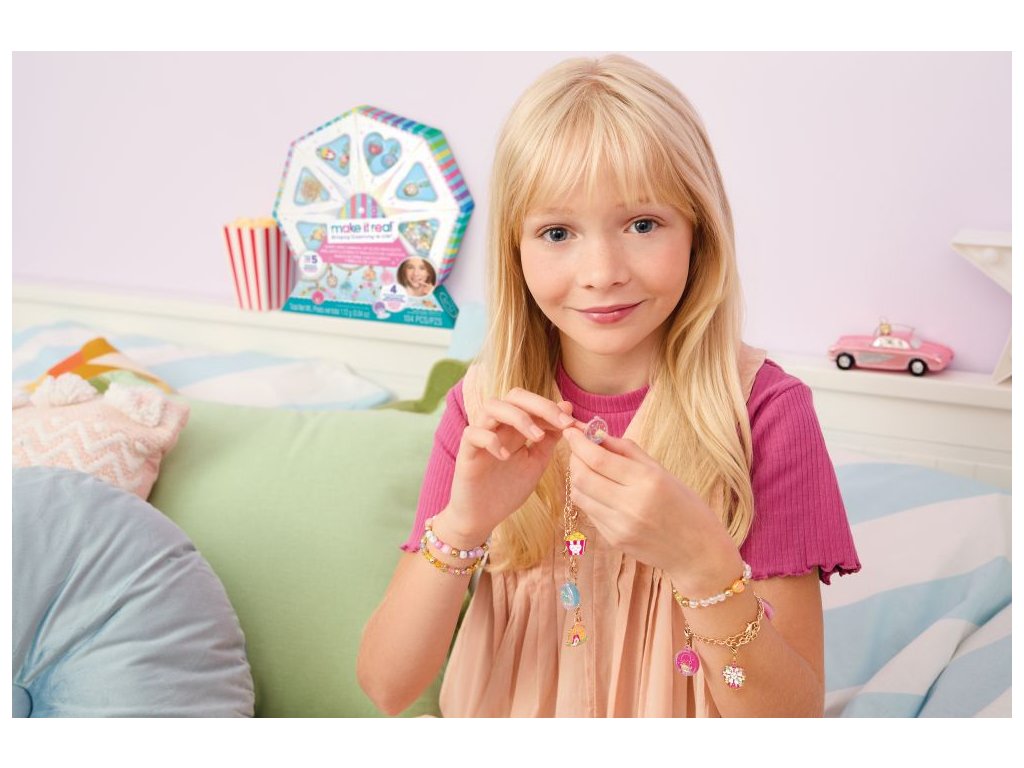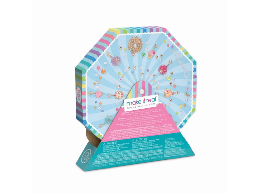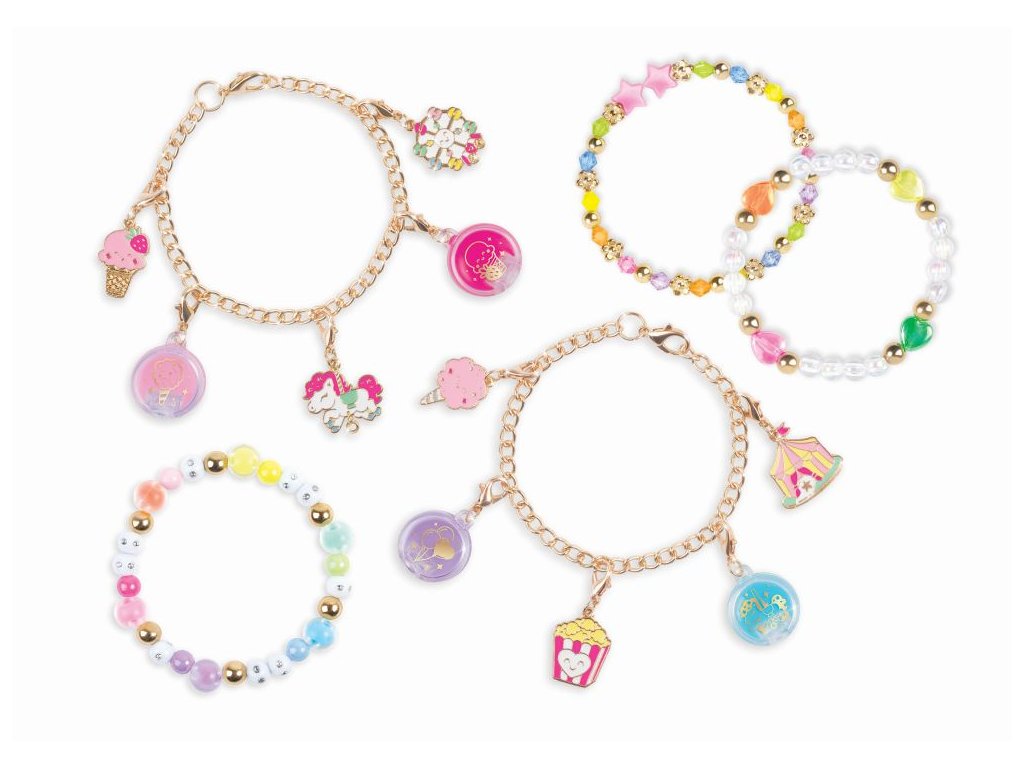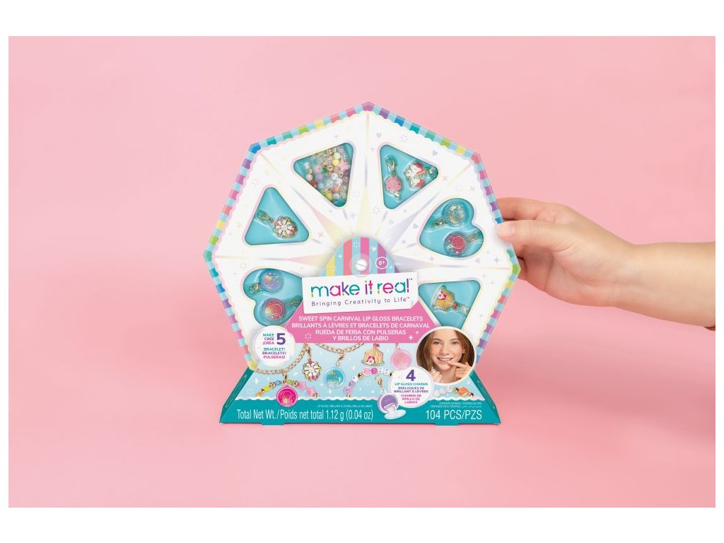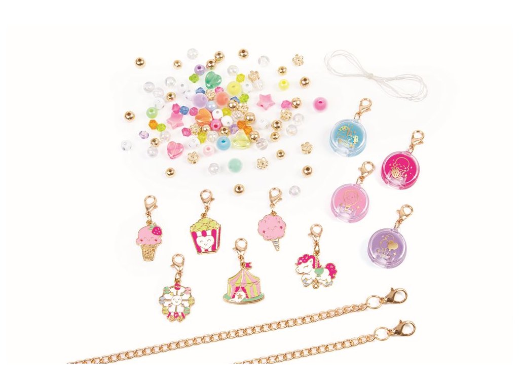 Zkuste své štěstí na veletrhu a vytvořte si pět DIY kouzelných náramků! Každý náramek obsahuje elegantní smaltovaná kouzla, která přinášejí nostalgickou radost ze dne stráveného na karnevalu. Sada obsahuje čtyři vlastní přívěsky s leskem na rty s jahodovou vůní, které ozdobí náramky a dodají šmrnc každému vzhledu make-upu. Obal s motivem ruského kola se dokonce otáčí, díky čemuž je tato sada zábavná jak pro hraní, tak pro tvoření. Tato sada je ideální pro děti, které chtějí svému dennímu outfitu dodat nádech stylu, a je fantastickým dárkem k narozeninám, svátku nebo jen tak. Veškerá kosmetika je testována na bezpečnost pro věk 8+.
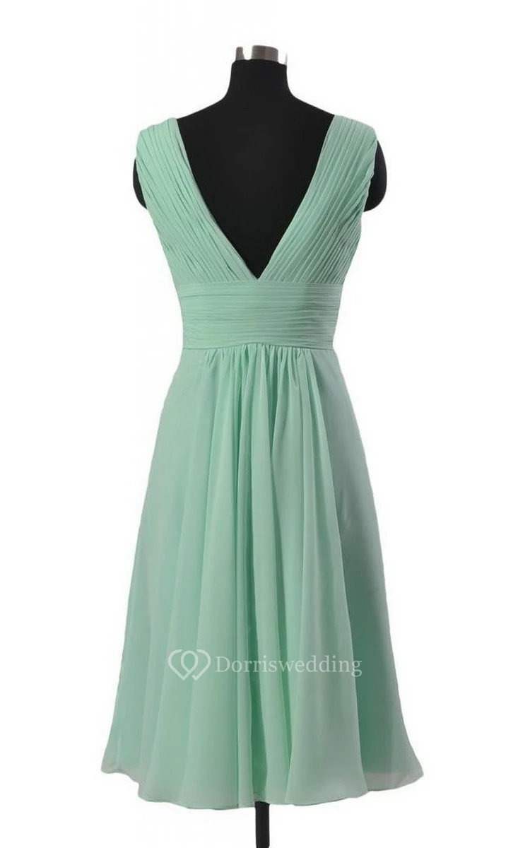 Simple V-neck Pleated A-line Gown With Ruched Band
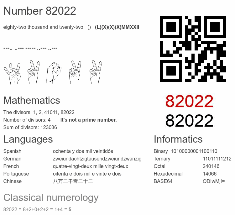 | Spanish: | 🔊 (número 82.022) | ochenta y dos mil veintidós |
# # # # #
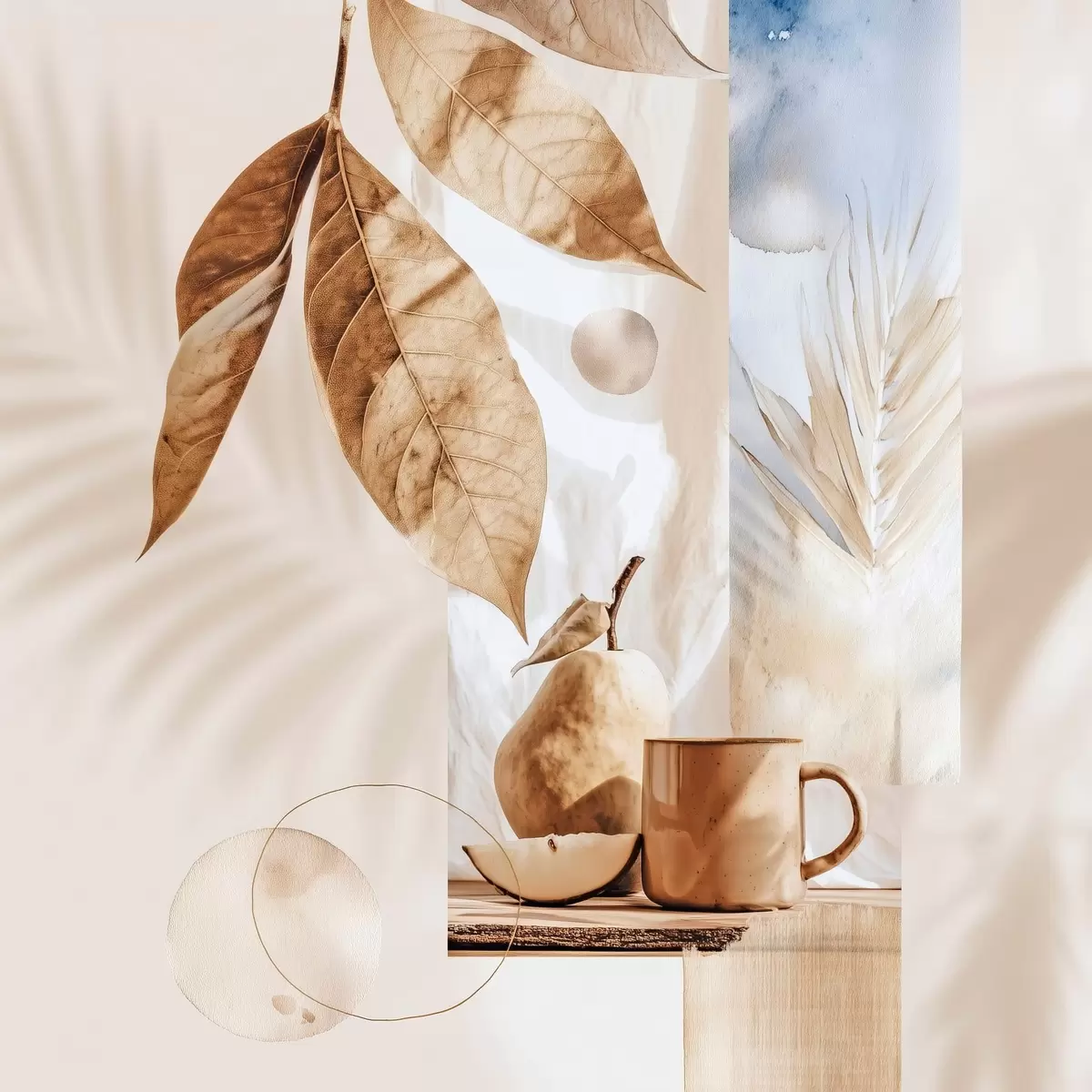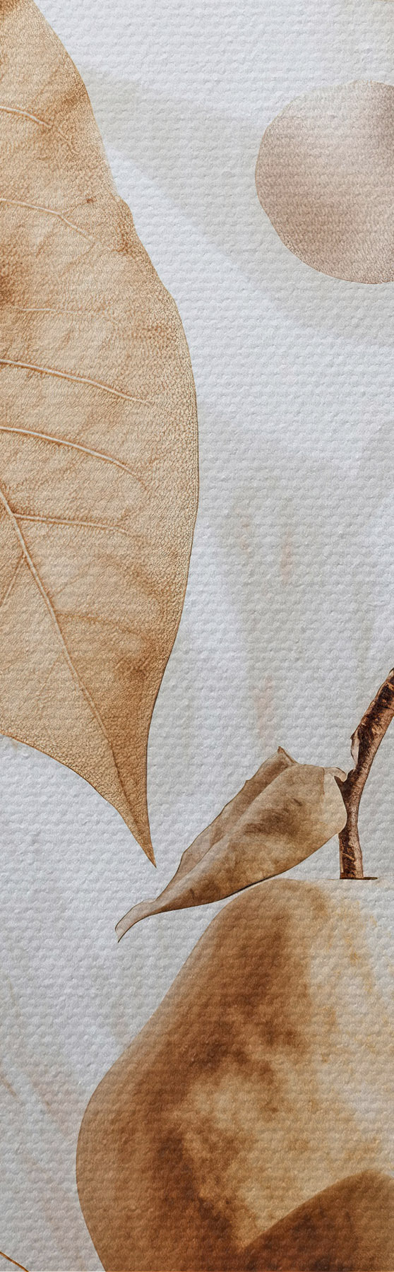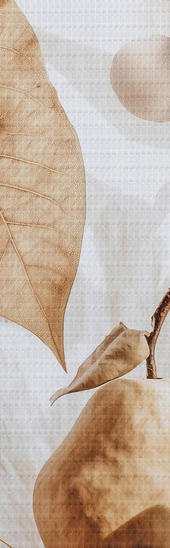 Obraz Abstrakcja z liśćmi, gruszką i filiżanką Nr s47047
# # # # #
### WHAT IS NEEDED
Write out, word for word, the stretch of entries that begins at the line with "Zkuste své štěstí" and ends at the line with "mil veintidós |". Pictures do not belong in it.

### EXPECTED OUTPUT
 Zkuste své štěstí na veletrhu a vytvořte si pět DIY kouzelných náramků! Každý náramek obsahuje elegantní smaltovaná kouzla, která přinášejí nostalgickou radost ze dne stráveného na karnevalu. Sada obsahuje čtyři vlastní přívěsky s leskem na rty s jahodovou vůní, které ozdobí náramky a dodají šmrnc každému vzhledu make-upu. Obal s motivem ruského kola se dokonce otáčí, díky čemuž je tato sada zábavná jak pro hraní, tak pro tvoření. Tato sada je ideální pro děti, které chtějí svému dennímu outfitu dodat nádech stylu, a je fantastickým dárkem k narozeninám, svátku nebo jen tak. Veškerá kosmetika je testována na bezpečnost pro věk 8+.
 Simple V-neck Pleated A-line Gown With Ruched Band
 | Spanish: | 🔊 (número 82.022) | ochenta y dos mil veintidós |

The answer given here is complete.